Nous constatons l’importance du papier à cette époque aussi par le nombre des ennemis du nouvel état de choses qu’il représente. Le papier pour toutes ces raisons est dangereux pour une partie de la société de l’époque qui n’est pas préoccupée par l’évolution de la pensée. Il est un moyen qui peut aider à la formulation d’une nouvelle réflexion, et la transférer à un public et à grande distance.

Pour cette raison le papier, et surtout le livre, sont liés à des persécutions, interdictions et surtout des embrasements.

Un grand nombre de livres, des bibliothèques entières même, sont brûlés avant que le libre transfert des idées ne soit autorisé. L’idée du feu qui détruit tant la matière que le contenu, dans le but d’arrêter sa propagation, est tellement répandue qu’elle conduit parfois à ce châtiment l’auteur lui-même.
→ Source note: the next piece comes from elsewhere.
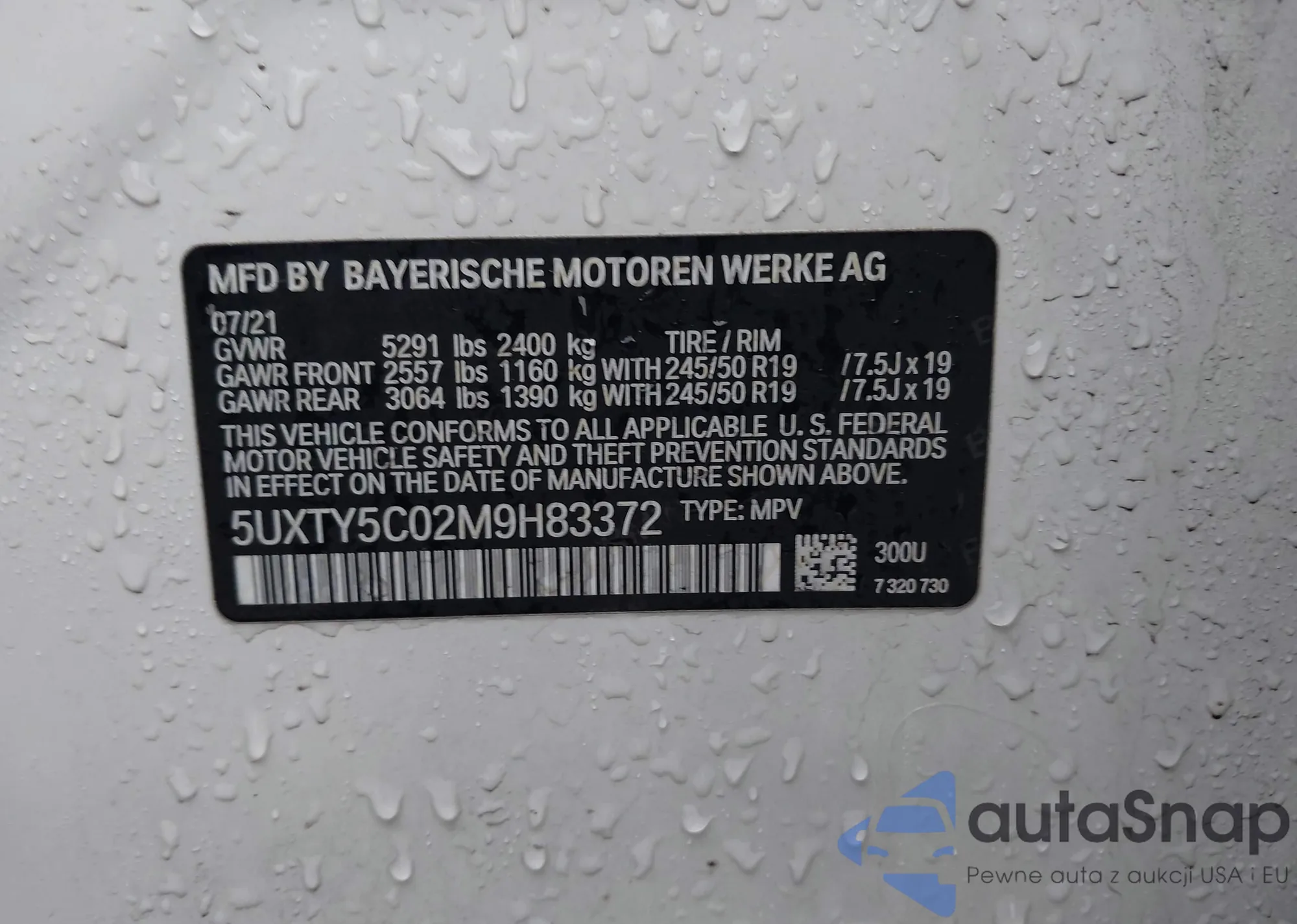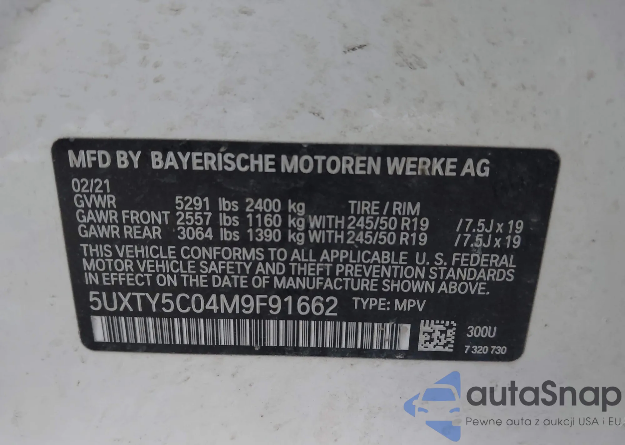 • VIN 5UXTY5C04M9F91662
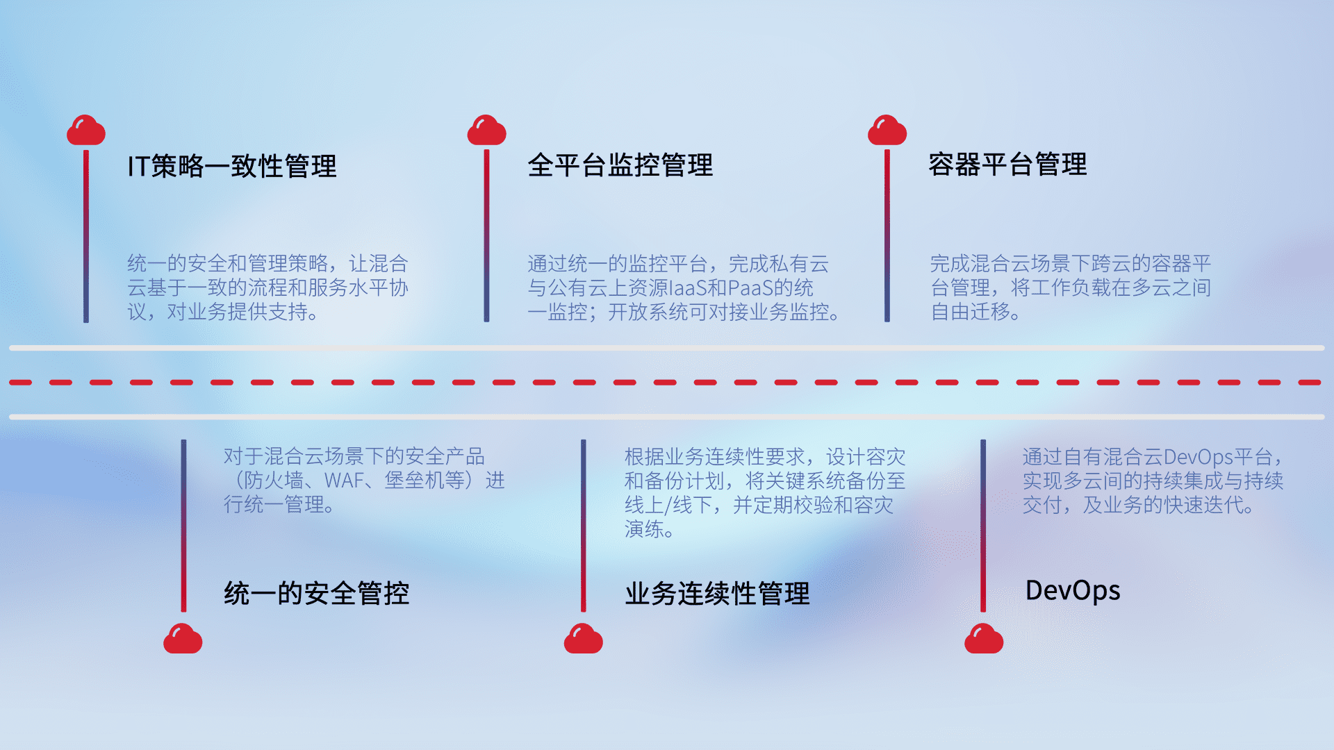 通过多云纳管,,以统一的资源数据模型把客户的云资源进行抽象和封装,,,进而实现对多云资源的统一操作,,,保障云资源管理的可靠性、、、稳定性与可用性。。。量身定制化运维内容,,,配置、、开发运维、、、、补丁管理、、备份、、监控、、、、认证和访问管理、、、、审计和日常巡检等,,,保障在用云过程中的可靠度,,,,稳定度以及高可用率。。

Pascal Quignard note à propos de Giordano Bruno164 : « Bellarmin, consulteur du Saint Office et recteur de la Sacrée Pénitencerie […] décida de brûler : 1) les livres 2) leur auteur 3) des branches de chêne-liège ».

Le papier, jusqu’au XXe siècle inclus, avait une puissance particulière dans la société, non seulement pour ce qui concerne les institutions, où sous la forme de contrat enregistre une décision et un acte, mais aussi dans la vie quotidienne. Le papier est le support sur lequel sont transférés les sentiments de chacun, parfois le message d’un amoureux, parfois les idées d’un collaborateur ou les pensées vers un ami. Comme mentionne Pierre Mark de Biasi : « « Deux sous de papier pour écrire à vos amoureux » crient les marchants ambulants. Le 19ème siècle voit une véritable explosion de la correspondance : vers 1840, en Allemagne, on envoie une à deux lettres par an et par habitant ; en 1871, douze lettres, et en 1900 cinquante-huit : trente fois plus qu’en 1840. Les premières cartes de vœux sont imprimées en Angleterre, en 1842. Il s’en vend aujourd’hui trois milliards par an aux Etats Unis165 ». Pour le philosophe allemand Peter Sloterdijk la culture de l’écrit est profondément reliée à celle de la correspondance, et pour lui « les livres sont des grosses lettres adressées aux amis », 166

164 Furioso, Giordano, in Nouvelle Observateur, 20-26 septembre 1990, sité dans Bruno, Giordano, De la Magie, éditions ALLIA

165 Mark de Biasi, Pierre, Le Papier. Ibid., p.92

166 Sloterdijk, Peter, Règles pour le parc humain, Mille et une nuits, département de la Librairie Arthème Fayard, 2000, p. 7

La civilisation occidentale donc, à une période importante de son évolution, durant laquelle se forment l’image de l’état actuel, la philosophie et les sciences, utilise le papier pour valider et légitimer ses procédures, évoluer le mode d’éducation des jeunes, conserver les idées dans la mémoire et les transférer à ceux qui savent lire et écrire.

C’est l’époque où la civilisation prépare à travers les débris du passé son prochain pas.

Cette civilisation s’appuie littéralement à ses guenilles. Les guenilles sont la matière première qui est utilisée depuis le XIIIe siècle pour la production du papier.

C’est l’époque où les professionnels du genre mais aussi les chiffonniers tournent anxieusement autour des endroits où sont les moulins de fabrication de papier et ramassent toutes les loques.

Le papier, à travers les loques et les moulins à farine transformés, crée le support où seront enregistrées les nouvelles idées rationnelles et scientifiques qui soutiendront la forme nouvelle des nouveaux états. La plupart de ces données sont en vigueur encore aujourd’hui.

Le papier alors relève et valide tout dans notre civilisation, attestant en même temps l’authenticité de celui qui l’utilise.

Il existe une idée qui est formulée sur lui et qui a la possibilité de correspondre à tout ce qui est descriptible. En même temps il existe aussi sur le même médium « celui » qui confirme l’idée, le propriétaire avec sa signature.

Aussi, la plupart des fois sur le papier « existe » l’Etat lui-même qui atteste, par son sceau, la légitimité.